Silahlı grubun binayı ele geçirmesinden sonra
Kırgızistan’ın Oş ve Celalabad bölgeleri ile Afganistan’da bulunan
liderlerini aradıkları ve gelişmeler hakkında bilgi verdiklerine dair
ellerinde bant kayıtlarının bulunduğunu söylemesi de işin başka
saçmalığıdır. Zira kendi zulmünden kaynaklanan yerel tepkiyi,
bölgeselleştirmek hatta devletler arası kılmak istemiştir ki, böylece
Amerika’dan gelebilecek kınamanın önüne geçmiş olsun. Belki de
Kerimov’un, Andican’da patlak veren olayları Afganistan’la
ilişkilendirmesi, Amerika’nın desteğini almak için olabilir. Çünkü o
günlerde, Afganistan ve Pakistan’da Amerika aleyhine gösteriler
düzenlenmekteydi. Asia Times sitesine sızan veya kasıtlı sızdırılan
bilgiye göre, o gösteriyi ne Taliban ne de Hikmetyar’ın partisi Hizb-ul
islâm’î değil, bilakis Hizb-ut Tahrir organize etmişti. Aynı tarihlerde
farklı bölgelerde çıkan olaylar arasında bağ kurmakla Kerimov, daha
fazka katliam yapabilmek için Amerika’nın desteğini arkasına almak
istiyordu. Bunun için konuşmaların bant kayıtlarının ellerinde bulunduğu
saçmalığına tenezzül etmiştir. Amerika’nın Kerimov’u destekleyici
açıklaması da sanki bunu teyit eder niteliktedir.

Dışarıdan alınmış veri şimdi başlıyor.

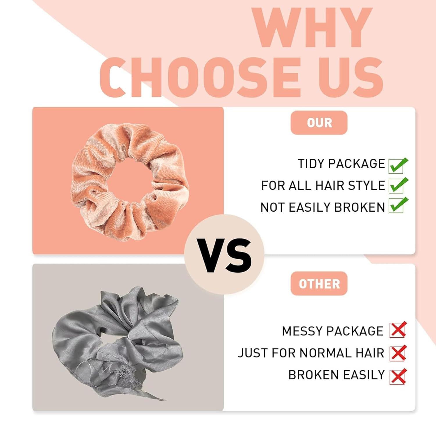 Velvet material – These hair scrunchies are made of soft velvet, so soft shiny and comfortable. Each hair bobble can fix your hair well and will not hurt your hair. They are fashionable hair accessories for your daily life and give to others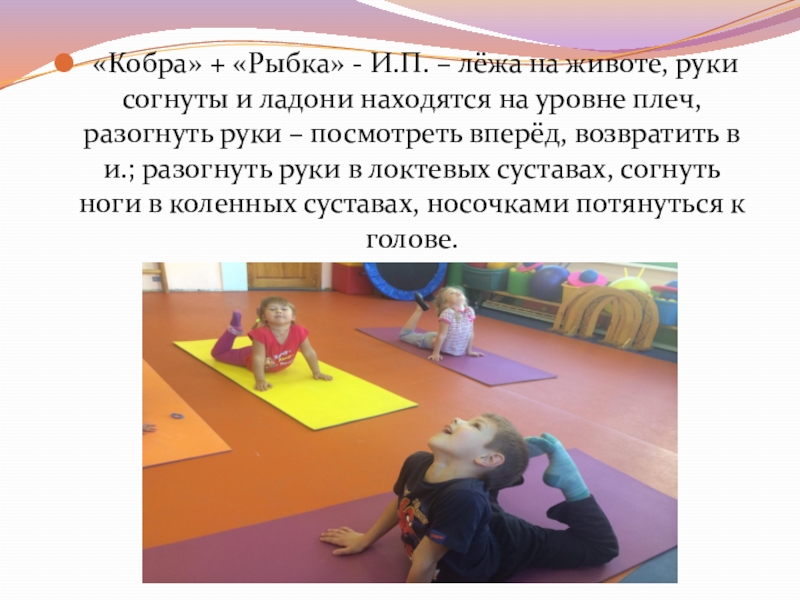 Слайд 16 «Кобра» + «Рыбка» - И.П. – лёжа на животе, руки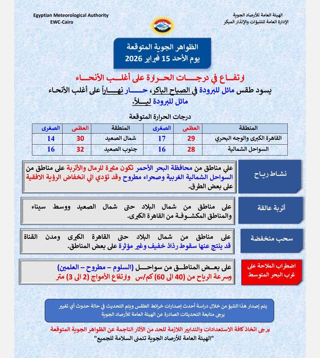 أصدرت الهيئة العامة للأرصاد الجوية بياناً تفصيلياً حول حالة الطقس المتوقعة غداً الأحد الموافق 15 فبراير 2026، كشفت فيه عن تغيرات جوية ملحوظة تشمل ارتفاعاً ملموساً في درجات الحرارة على أغلب أنحاء الجمهورية. وأشارت الهيئة إلى أن البلاد ستمر بموجة من الطقس المتقلب تتطلب من المواطنين الحذر الشديد في التعامل مع الظروف الجوية المتغيرة على مدار اليوم.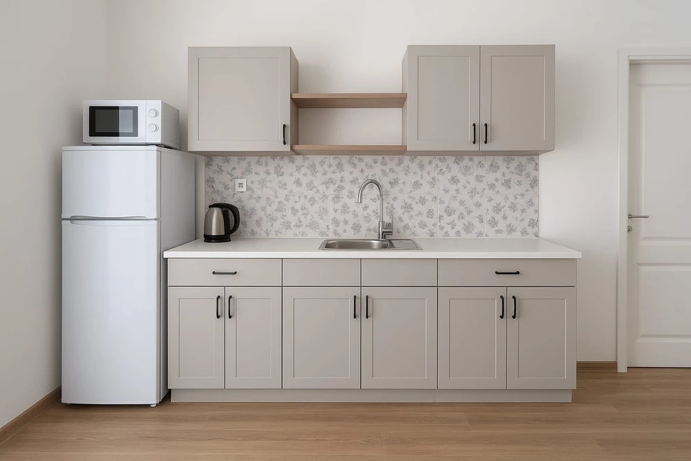 מטבח בסגנון כפרי כולל שיש אקרילי וכיור אמריקאי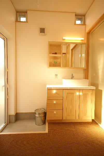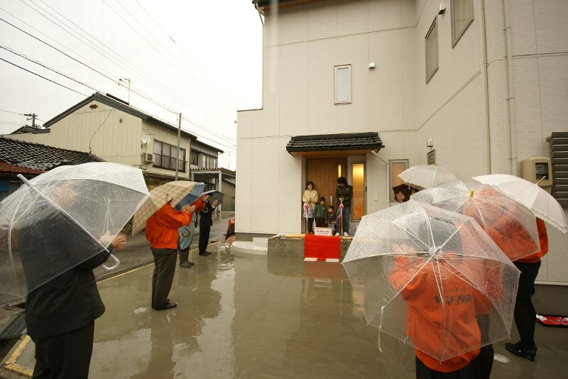 A様邸は「FP 自然の杜」です。 外は雨で寒かったのですが、家の中は蓄熱暖房でポッカポカ。 しかも、新建材や、クロスの接着剤のにおいなどがいっさいありません。 キッチンや、洗面台も手造りのオリジナルで、奥様も大変満足しておられました。 A様、これからもよろしくお願いします。 担当:大野
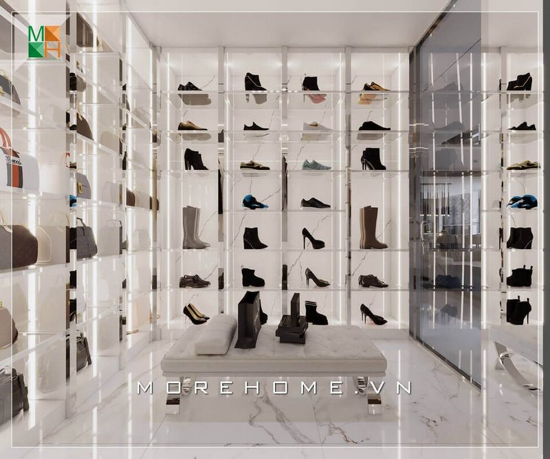 Sàn nhà được thiết kế bằng đá tự nhiên màu trắng cao cấp giúp tạo ra một không gian thoáng mát, sáng và sạch sẽ hơn.
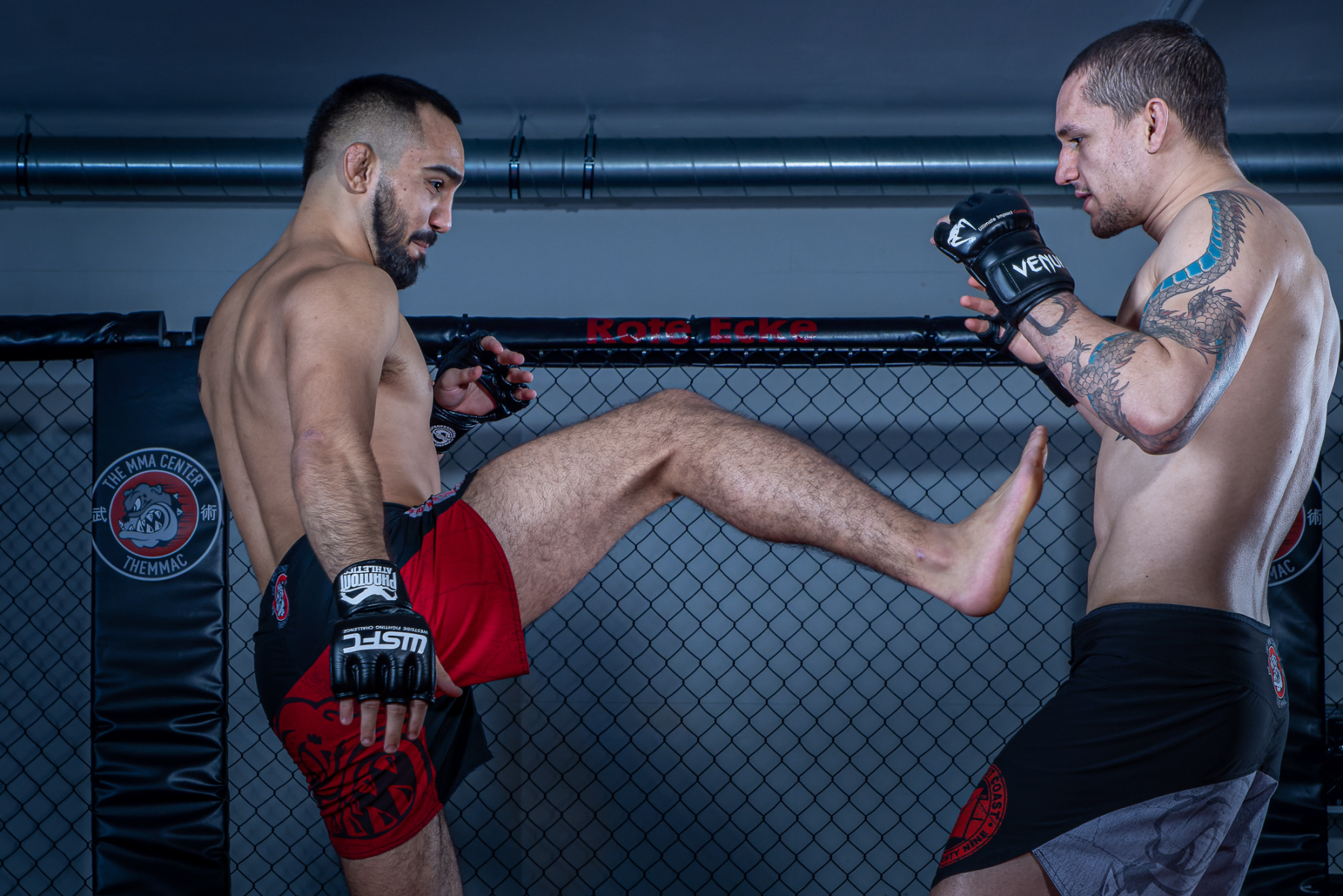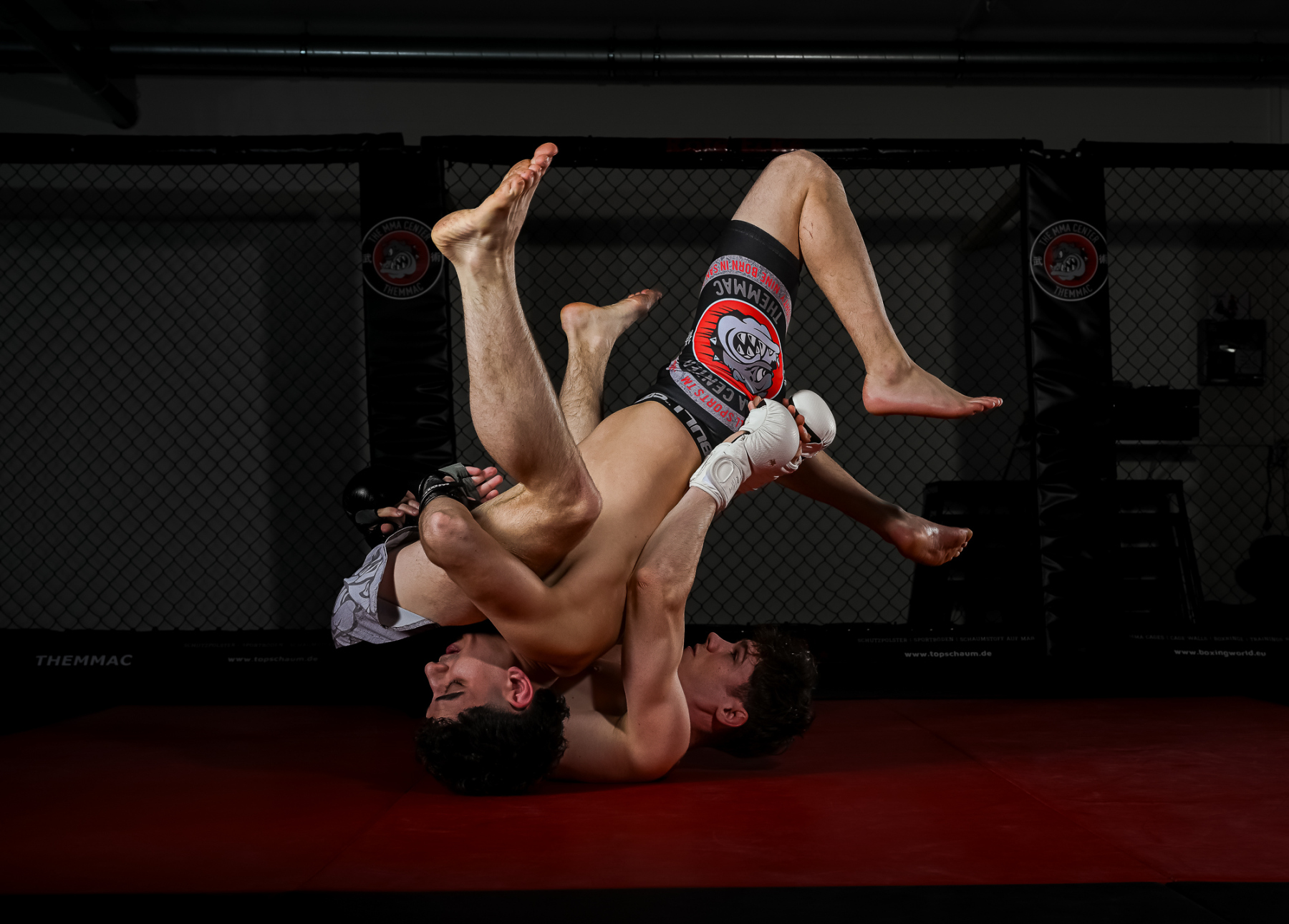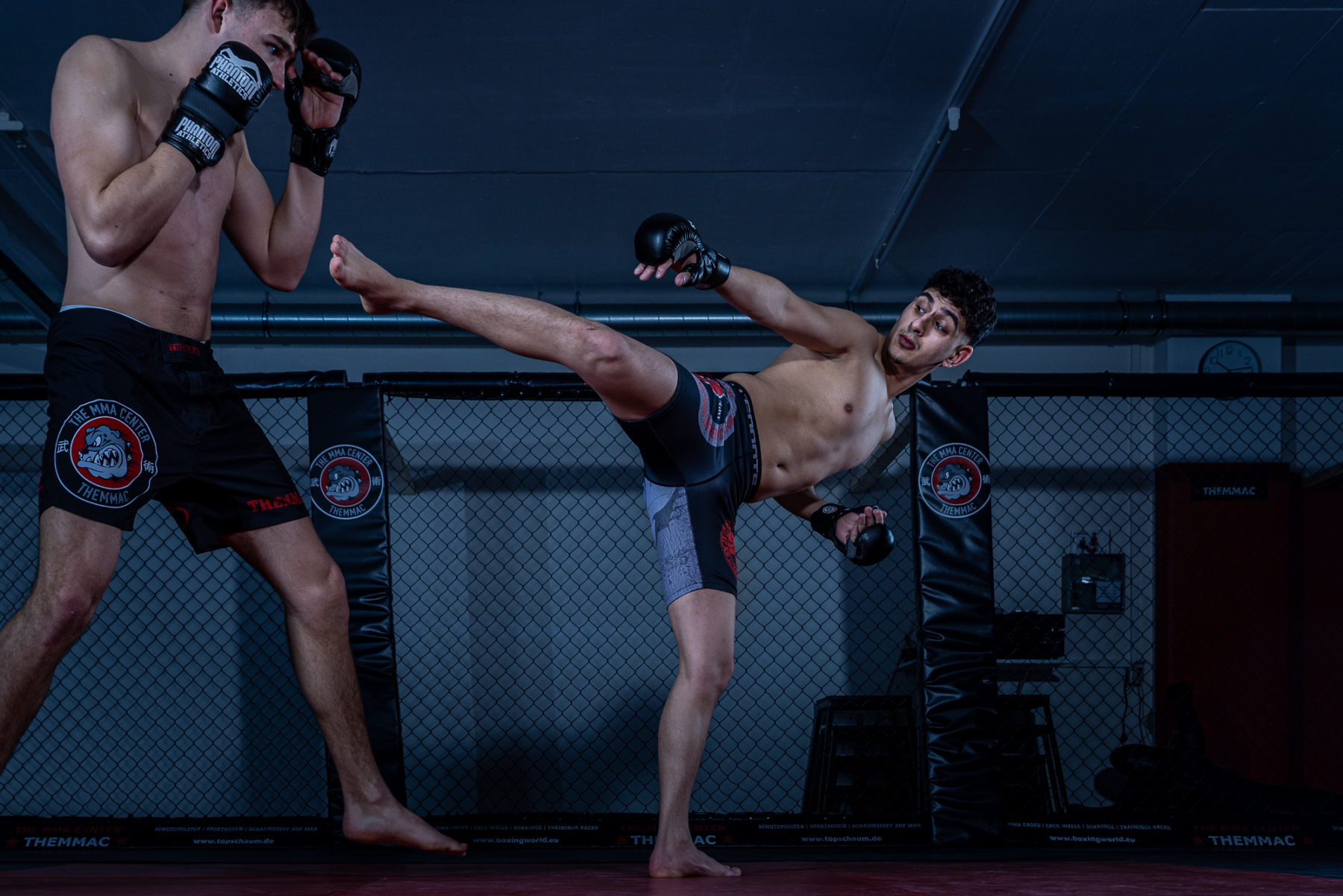 Vor Ort wurden zwei mobile Blitzstudios aufgebaut, die flexible Lichtsetups ermöglichten und optimale Bedingungen für unterschiedliche Aufnahmesituationen boten. In enger Zusammenarbeit mit den MMA-Fightern entstanden zahlreiche ausdrucksstarke und bewegungsintensive Bilder.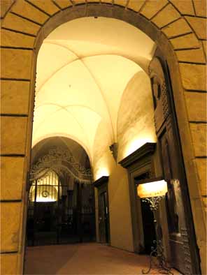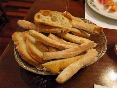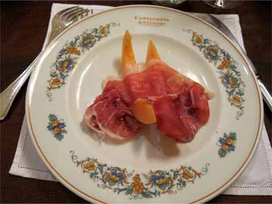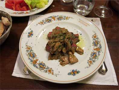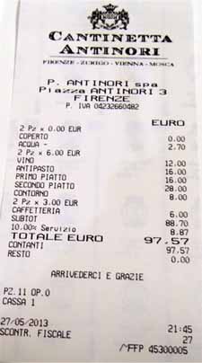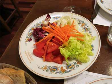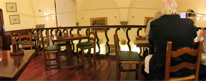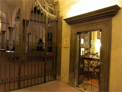| ホテルにもどって少し休憩し、少し薄暗くなった午後8時頃夕食に出かけた。 今日は最終日なので再度奮発して、最初の日に行けなかったカンティネッタ・アンティノーリCantinetta Antinoriに出かけた。 このレストランはもともとはエノテカ(ワイン製造業者の直営店)なのでワインを飲むのがメイン。 ワインはグラス(ビキエーレ)で銘柄の違うワインをいくつでも注文できる。 いくつもの銘柄を飲みたいう人にはありがたいし、アルコールに弱い人には助かるやりかたである。 ワインはおまかせ(コンシーリアで通じた)で赤ワインをグラスでたのんだ。 赤ワインはあまり飲まないほうだが(いつも薬を飲んでいる味がするから・・)、しかし、ここのワインは違った。 少し酸味があって、気に入った。 日本にもどったら、通販であるなら買ってみよう。 |

Özelde Özbekistan Müslümanlarının Kerimov’un
zulmünden kurtulmalarının, genelde diğer Müslümanların Amerika’nın
saldırısından beri olmalarının yolu Hilâfet Devletidir. Öyleyse bütün
Müslümanlar, Hilâfet Devleti ikâme etmek için çalışmak zorundadırlar.